Irish and Catholic? edited by Louise Fuller, John Littleton and Eamon Maher, The Columbia Press £10.99
Ishould begin by saying that I am duly honoured that this essay collection makes several references to a book I wrote on this subject in 1997 which is now taught in some universities. But I am still disappointed by this uneven ensemble, which too often goes over repetitious ground instead of offering new insights. And there is one gaping vacuum: no writer addresses the obvious question for Irish Catholics today — how to reconcile a booming capitalist economy with a value system based essentially on centuries of poverty and deprivation.
Aloft in their ivory towers, Left-wing academics just don't get this. Yet, the rise and rise of neocapitalism — which has had the most profound impact on Ireland today — is hugely challenging and deeply relevant to the "understanding of identity".
This book is an attempt to analyse the social and political changes that have occurred in Ireland over past decades: but besides the gaps, it is often too jargonishly academic in its overall approach. What it required was a little more sharp observation and reportage, and a little less deconstruction.
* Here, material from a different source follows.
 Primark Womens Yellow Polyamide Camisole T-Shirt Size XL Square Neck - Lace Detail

Fr John Littleton, for example, is a priest in the
Diocese of Tallaght, a vast area of west Dublin which has been plagued with drug problems and has one of the lowest rates of churchgoing in the country. It is a pity that Fr Littleton writes an academic essay instead of just telling us what it is like to be a priest in a godforsaken place like Tallaght. You would think that Patsy McGarry, the Unitarian religious affairs correspondent of the Irish Times, would apply some basic journalistic skills in his contribution, "The Rise and Fall of Roman Catholicism in Ireland". He could have been directed to go around the country noting the everyday devotions of the people. Is Corpus Christi still observed by processions, as it once was? Why is there such a fascinating rise in the study of local saints? Why are pilgrimages and old rural customs such as stations still so popular? I was told by an Irish Anglican that house blessings are so widely practised in the countryside now that in Cork, even the Methodists are at it. But no: none of this is probed. Instead, we get a historical tour d'horizon and a re-run of how Irish priests used to preach constantly about sex.
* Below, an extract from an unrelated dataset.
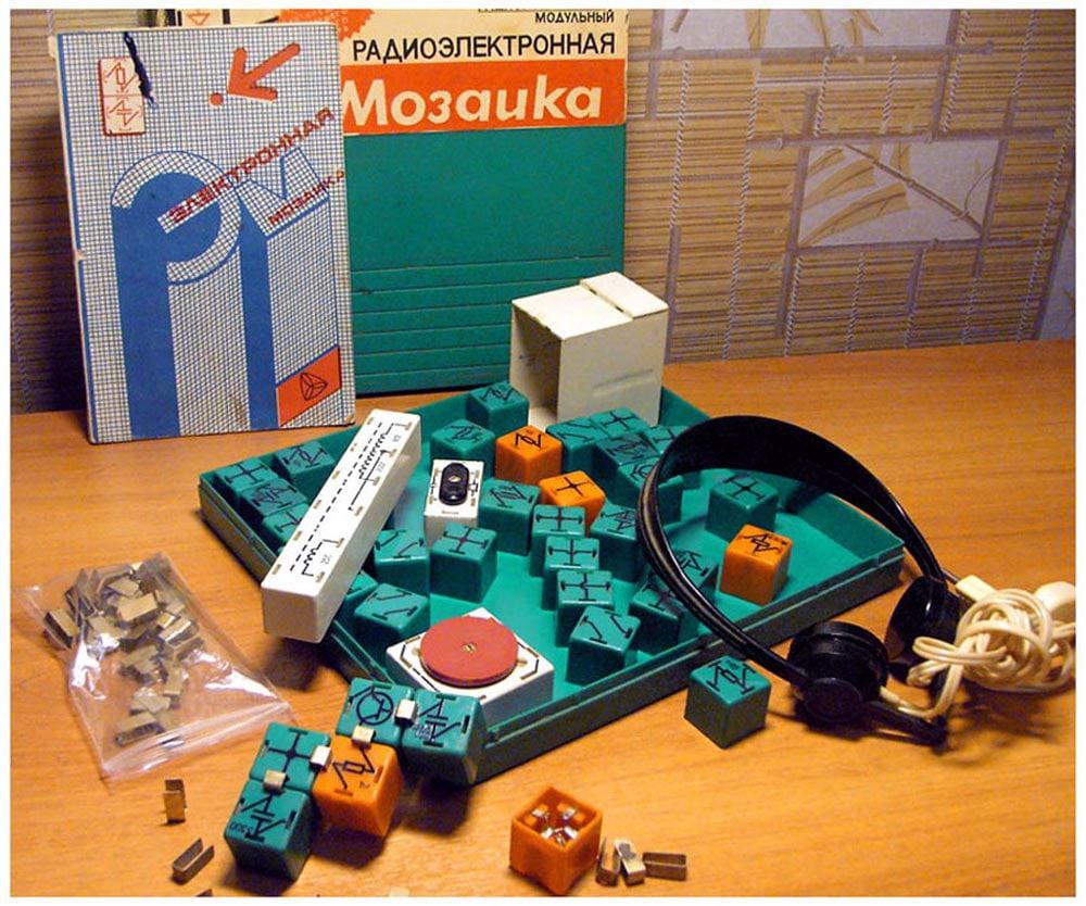 Конструктор модульный «Радиоэлектронная мозаика» с 1978 года выпускал Горьковский завод аппаратуры связи им. Попова, а позднее и АНПО ЗИП Нижний-Новгород. Из компонентов набора можно было быстро и без применения пайки, инструмента и дополнительных проводов последовательно собрать 40 различных радиоэлектронных устройств.

McGarry's figures on the closures of seminaries are useful and specific, however. Eugene O'Brien, a Limerick academic, is much concerned with deconstructing Irish Catholicism according to the mode of Lacan and Derrida, with passing refer
ence to the satirical programme Father Ted. There could have been an entire chapter on Father Ted — its crude cruelty and yet sneaking homage to devotional Catholicism, significant on many levels. But there is only an incidental allusion in an arcane essay impenetrable to anyone but Lacanite deconstructivists. The most engaging essays are possibly those on "Representations of Catholicism in Modern Novels" by Eamon Maher and a study by Paula Murphy of "Catholicism in the works of Dermot Bolger". Engaging because they are about something specific.
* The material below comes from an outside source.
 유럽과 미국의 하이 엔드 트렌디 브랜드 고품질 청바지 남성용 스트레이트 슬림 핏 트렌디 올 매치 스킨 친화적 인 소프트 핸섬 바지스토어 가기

And Fr Patrick Claffey's "Reflection on a Changing Irish and Catholic Identity" has a narrative freshness of direct experience, describing his exile in France, from 1976, and later in Togo and West Africa, returning to Ireland in 2002. He feels that Ireland lacks "lay intellectuals who are willing to argue their faith from a perspective of philosophical conviction". I am not sure this is so: what is evident is that such lay intellectuals find it difficult to obtain a hearing.
This book is just not good enough: and it is largely the fault of the three editors, who should have directed their contributions to "answer the question", as we were always instructed in connection with examination papers.